Sundaram Equity Savings Fund is for investors who have an investment horizon of around three years. Historically investment in fixed income funds would have been the preferred mode, but post-tax returns of fixed income funds is not that great (it’s higher than bank FDs but quite lower than pure equity funds). But investing in pure equity funds for less than three years leads to greater unpredictability of returns. So, on one side you have fixed income’s lower post-tax returns while on the other side equity funds are tax-efficient but can be very volatile.

So, the ideal solution for somebody with three years horizon is an equity savings fund. The product has the dual advantage of steady returns/ low volatility with tax efficiency of equity funds. In this way, equity savings funds can generate higher post-tax returns than debt funds up to three years.

Benchmark

Sundaram Equity Savings Fund will be benchmarked against the Nifty Equity Savings Index, which has a 35% exposure to Nifty 50 TRI; 30% exposure to equity arbitrage (long position in Nifty 50 TRI and equivalent short position in Nifty 50 Futures Index); 30% exposure to Nifty Short Duration Debt Index & 5% exposure to NIFTY 1D Rate Index.

Exit load

Exit Load for redemption within 12 months from the date of allotment is 1%. Exit load for redemption on or after 12 months from the date of allotment is nil.

Fund Managers

The scheme will be managed by S Krishnakumar & S Bharath (Equity) and Dwijendra Srivastava (Fixed Income).

Investment

For NFO, the minimum application amount is Rs 5,000.

For SIP, the minimum weekly amount is Rs 1,000, minimum monthly sum is Rs 250 and minimum quarterly investment is Rs 750.

RupeeIQ take – Sundaram Equity Savings Fund will give you lower return than balanced fund over a long period of time but it has far greater stability.

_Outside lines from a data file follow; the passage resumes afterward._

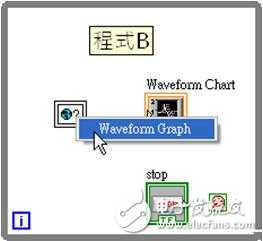 然后再将目前的全域变量视窗储存起来,接着我们再回到刚刚的程序里,现在你再点一下全域变量,你会发现,多了一个Waveform Chart可以选择了。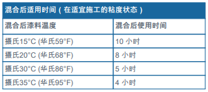 ?涂裝前最好將基料與固化劑各組份或調(diào)配混合后漆料的溫度調(diào)控到攝氏15°C (華氏59°F)以上, 不然則可能需要額外添加稀釋劑將漆料的粘度調(diào)整到適宜施工的粘稠狀態(tài)。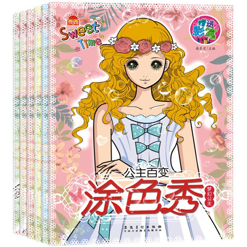 Văn Phòng Phẩm > Sổ & Giấy Các Loại > Giấy In || PVN30553 Bộ 6 Tô màu sáng tạo cho bé hình công chúa + tặng kèm hộp bút màu T2Còn hàng

Also, the tax treatment will be like that of an equity fund. Data shows that equity savings fund return across the industry for three year period varies between 3% to 10%. Both credit and stock selection will be key to get stable returns.

Disclaimer: Please note that investors are requested to consult their financial, tax and other advisors before taking any investment decision.